Dear all,

I have performed a Differential Expression Analysis using

dds <- DESeqDataSetFromMatrix(countData = cts, colData = colData, design = ~ Type+ batch)

dds<- DESeq(dds)

I understand that even though I included "batch" in the formula, but I still see a batch effect.

I read this:

"Why after VST are there still batches in the PCA plot? The transformations implemented in DESeq2, vst and rlog , compute a variance stabilizing transformation which is roughly similar to putting the data on the log2 scale, while also dealing with the sampling variability of low counts. It uses the design formula to calculate the within-group variability (if blind=FALSE ) or the acrossall-samples variability (if blind=TRUE ). It does not use the design to remove variation in the data. It therefore does not remove variation that can be associated with batch or other covariates (nor does DESeq2 have a way to specify which covariates are nuisance and which are of interest). It is possible to visualize the transformed data with batch variation removed, using the removeBatchEffect function from limma. This simply removes any shifts in the log2-scale expression data that can be explained by batch. The paradigm for this operation for designs with balanced batches would be: For unbalanced batches (e.g. the condition groups are not distributed balanced across batches), the design argument should be used, see ?removeBatchEffect in the limma package for details."

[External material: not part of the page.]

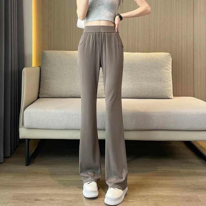 女性用マイクロホーンワイドレッグパンツ、ルーズカジュアルパンツ、ハイウエスト、エラスティックマイクロフレアパンツ、ナローバージョン、春と夏

So I tried to run removeBatchEffect after the above formula, but still it seems to be having some issues.

Would that be the right approach to run removeBatchEffect after dds<- DESeq(dds)?

Thank you, Bine

"I still see a batch effect"

Can you explain what you mean by this exactly?

Re: removeBatchEffect(), this is just for visualization of transformed data in RNA-seq, e.g. PCA plots. It is not possible to use in combination with DESeq(), where we recommend to account for batch effects in the design as you have done.